### PROMPT
A verbatim copy is needed of the lines below from the one containing "In der Klinik" up to and including the one containing "Chiesa di Santa Caterina dei Funari -Mo559", excluding pictures.

### RECORD EXTRACTS

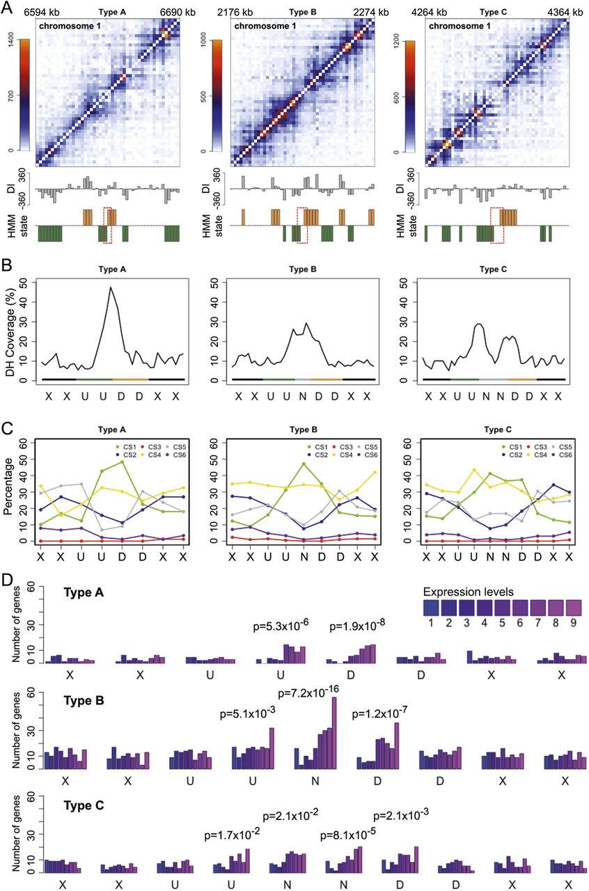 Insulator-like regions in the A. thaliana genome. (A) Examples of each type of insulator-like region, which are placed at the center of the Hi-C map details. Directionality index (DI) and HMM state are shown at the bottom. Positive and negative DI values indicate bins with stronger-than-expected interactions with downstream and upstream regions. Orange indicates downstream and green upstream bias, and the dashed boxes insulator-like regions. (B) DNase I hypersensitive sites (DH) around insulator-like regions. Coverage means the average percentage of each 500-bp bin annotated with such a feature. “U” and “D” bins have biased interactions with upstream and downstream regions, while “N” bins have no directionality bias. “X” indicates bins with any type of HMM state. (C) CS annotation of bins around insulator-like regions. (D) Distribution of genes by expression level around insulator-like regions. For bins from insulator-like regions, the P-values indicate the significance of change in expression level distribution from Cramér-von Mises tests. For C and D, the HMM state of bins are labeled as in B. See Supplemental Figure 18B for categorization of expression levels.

==

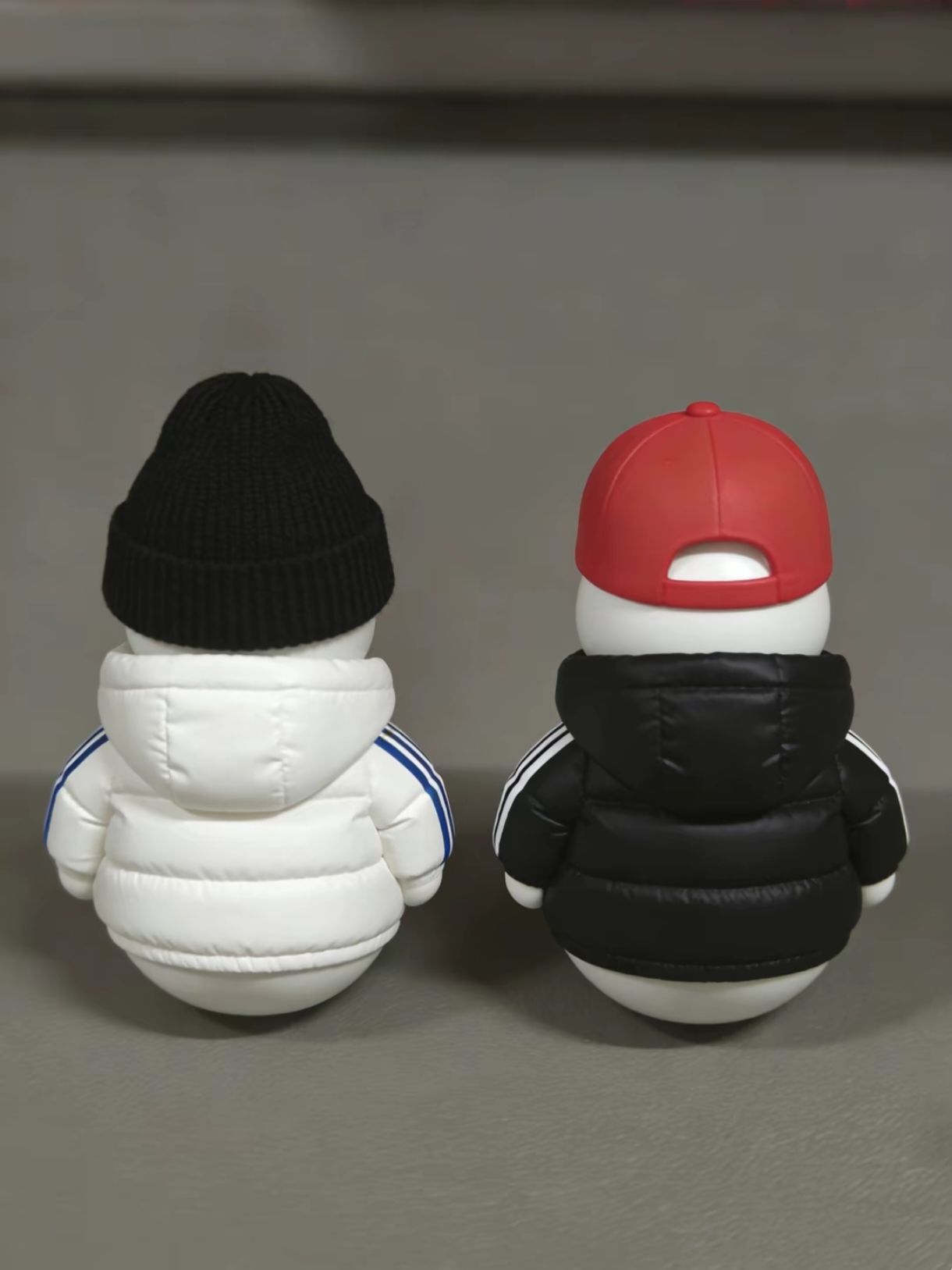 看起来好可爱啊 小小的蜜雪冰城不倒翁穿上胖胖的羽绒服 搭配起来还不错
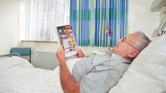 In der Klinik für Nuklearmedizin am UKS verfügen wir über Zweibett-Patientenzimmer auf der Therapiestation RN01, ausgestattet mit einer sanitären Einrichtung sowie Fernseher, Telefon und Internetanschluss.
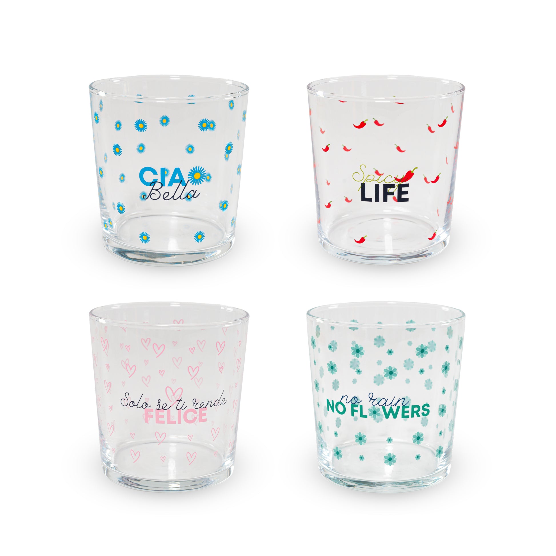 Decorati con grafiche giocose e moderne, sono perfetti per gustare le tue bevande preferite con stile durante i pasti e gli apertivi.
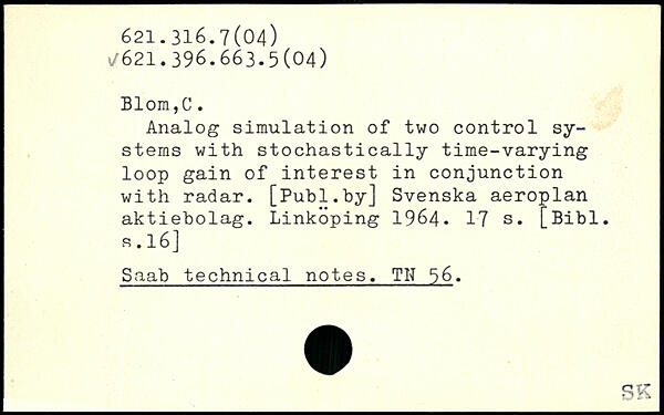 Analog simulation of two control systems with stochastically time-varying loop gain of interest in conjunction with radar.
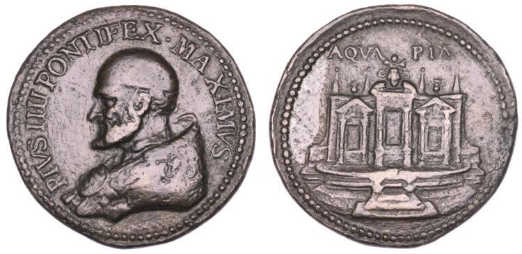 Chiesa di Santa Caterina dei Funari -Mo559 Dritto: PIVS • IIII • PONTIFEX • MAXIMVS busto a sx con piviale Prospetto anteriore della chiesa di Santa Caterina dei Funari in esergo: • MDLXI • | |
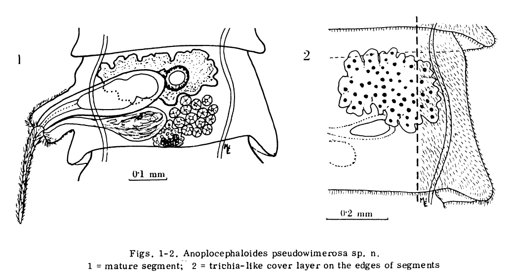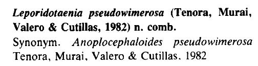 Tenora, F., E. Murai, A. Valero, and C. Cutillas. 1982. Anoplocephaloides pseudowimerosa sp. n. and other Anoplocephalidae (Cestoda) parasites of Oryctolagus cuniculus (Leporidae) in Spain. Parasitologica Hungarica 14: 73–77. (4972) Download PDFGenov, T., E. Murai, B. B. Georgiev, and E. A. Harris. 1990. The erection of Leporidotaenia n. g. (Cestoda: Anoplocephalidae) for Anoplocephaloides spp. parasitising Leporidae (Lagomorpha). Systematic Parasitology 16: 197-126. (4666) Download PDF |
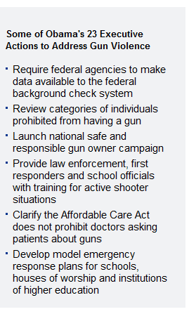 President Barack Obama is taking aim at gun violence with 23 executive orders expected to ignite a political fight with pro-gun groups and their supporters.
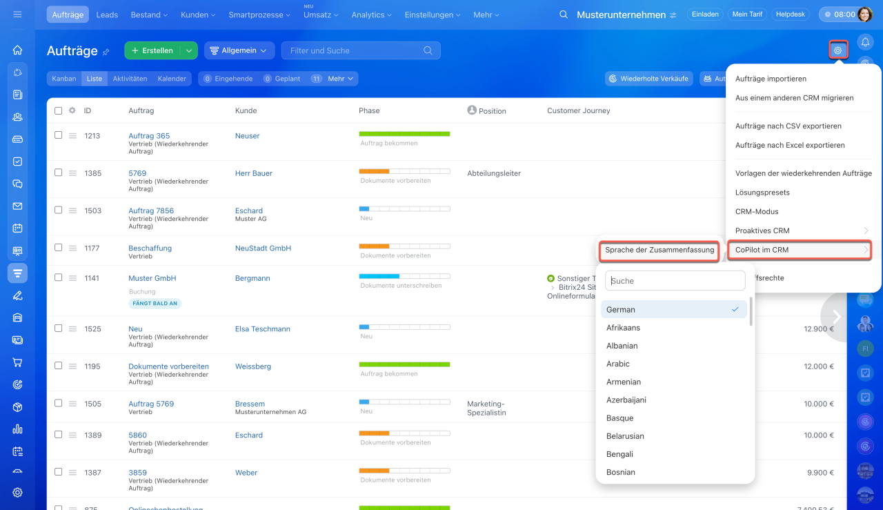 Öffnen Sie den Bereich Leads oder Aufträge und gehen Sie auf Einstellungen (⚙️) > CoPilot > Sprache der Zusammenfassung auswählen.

==

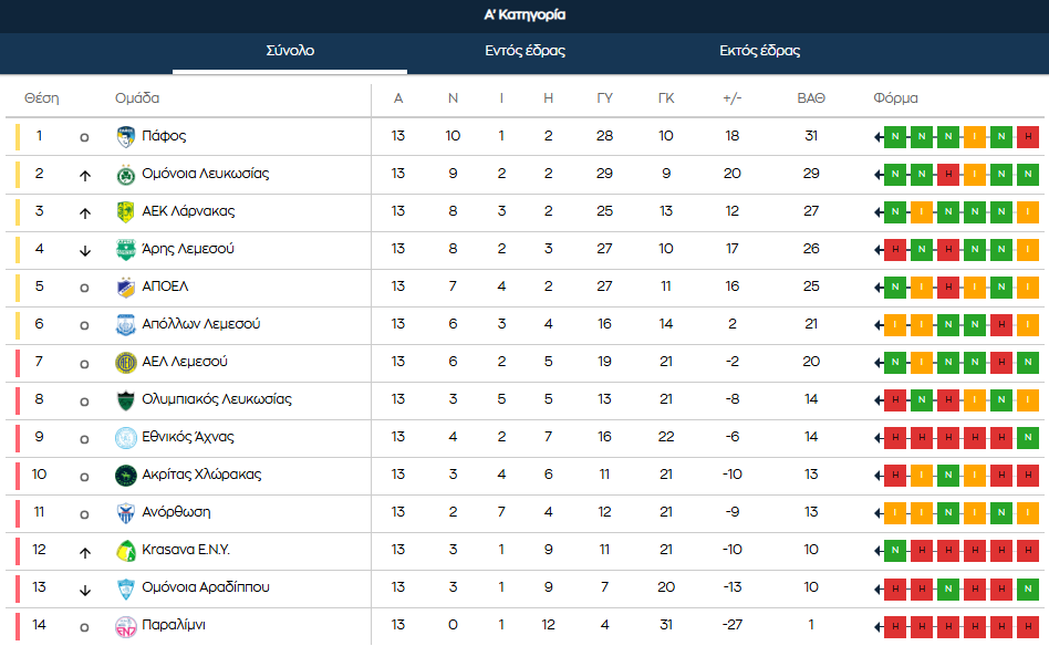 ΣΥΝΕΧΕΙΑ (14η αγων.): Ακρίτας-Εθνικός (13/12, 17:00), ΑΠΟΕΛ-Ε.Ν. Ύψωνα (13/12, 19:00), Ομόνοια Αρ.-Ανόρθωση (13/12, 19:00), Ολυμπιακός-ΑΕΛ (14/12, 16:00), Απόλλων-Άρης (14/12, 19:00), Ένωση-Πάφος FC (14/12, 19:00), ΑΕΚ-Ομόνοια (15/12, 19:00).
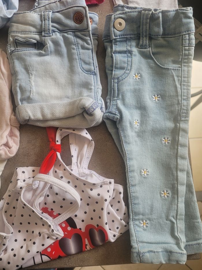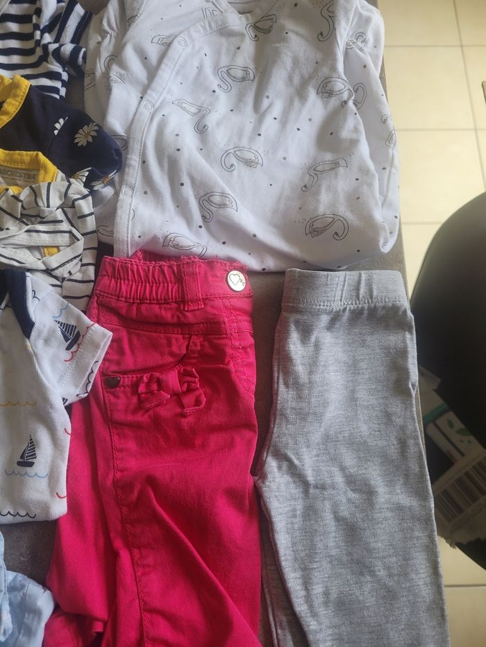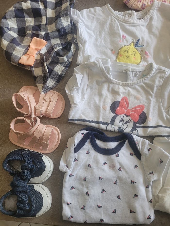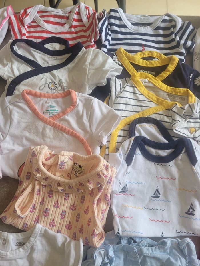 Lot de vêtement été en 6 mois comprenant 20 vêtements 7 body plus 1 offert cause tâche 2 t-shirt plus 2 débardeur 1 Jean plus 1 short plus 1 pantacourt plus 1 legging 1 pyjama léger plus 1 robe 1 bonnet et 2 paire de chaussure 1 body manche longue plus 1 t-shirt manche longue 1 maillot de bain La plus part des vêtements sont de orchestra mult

### WORKED SOLUTION
 In der Klinik für Nuklearmedizin am UKS verfügen wir über Zweibett-Patientenzimmer auf der Therapiestation RN01, ausgestattet mit einer sanitären Einrichtung sowie Fernseher, Telefon und Internetanschluss.
 Decorati con grafiche giocose e moderne, sono perfetti per gustare le tue bevande preferite con stile durante i pasti e gli apertivi.
 Analog simulation of two control systems with stochastically time-varying loop gain of interest in conjunction with radar.
 Chiesa di Santa Caterina dei Funari -Mo559 Dritto: PIVS • IIII • PONTIFEX • MAXIMVS busto a sx con piviale Prospetto anteriore della chiesa di Santa Caterina dei Funari in esergo: • MDLXI • | |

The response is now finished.